Generative retraining method is efficient for NLU of English. Proposes two methods to learn cross-lingual language model
- Unsupervised that relies on monolingual data
- Supervised that leverages parallel data
- Shared sub-word vocabulary: all languages are processed with the same shared vocabulary created through Byte Pair Encoding (BPE). BPE splits on the concatenation of sentences is leant. The sentences are randomly sampled from monolingual corpora.
- Casual Language modeling (CLM): In this modeling task we train a transformer to predict the probability of a word given previous words in sentences.

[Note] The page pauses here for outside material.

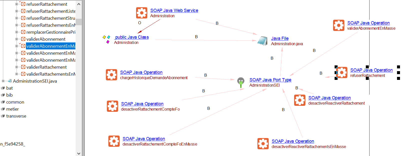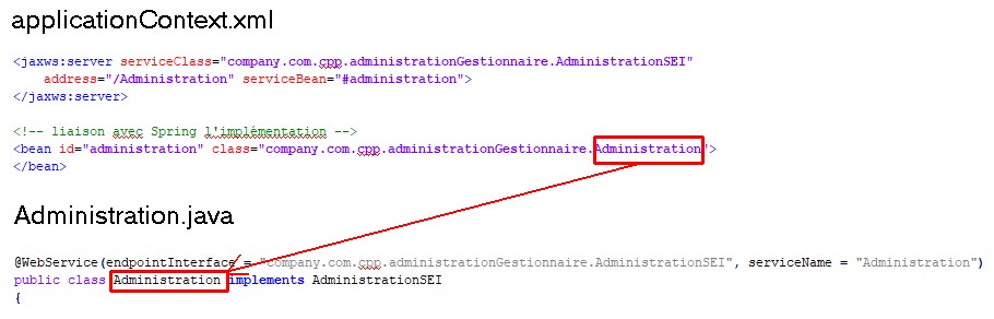 In the example below, the serviceBean is “#administration” and administration is mapped to the implementing class cpp.administrationGestionnaire.Administration. The required objects and links for the class Administration should be created during an analysis.

- Masked Language modeling (MLM): This modeling task uses objective of task called “Cloze task”. Where we train a language model where 15% of BPE tokens are replaced by MASK 80% of the time, other 10% of the time it is replaced by random token and for rest of 10% of the time they are kept unchanged. The main difference from other method is that here input tokens are fixed to 256 tokens.
- Translation Language Modeling (TLM): In this language modelling task we concatenate parallel sentences and words are masked randomly in both and target sentences.
- Cross-lingual Language model pretraining (XLM): This method makes use of either one or both model pretraining CLM, MLM. This model is trained with batches of 64 streams of continuous sentences composed of 256 tokens.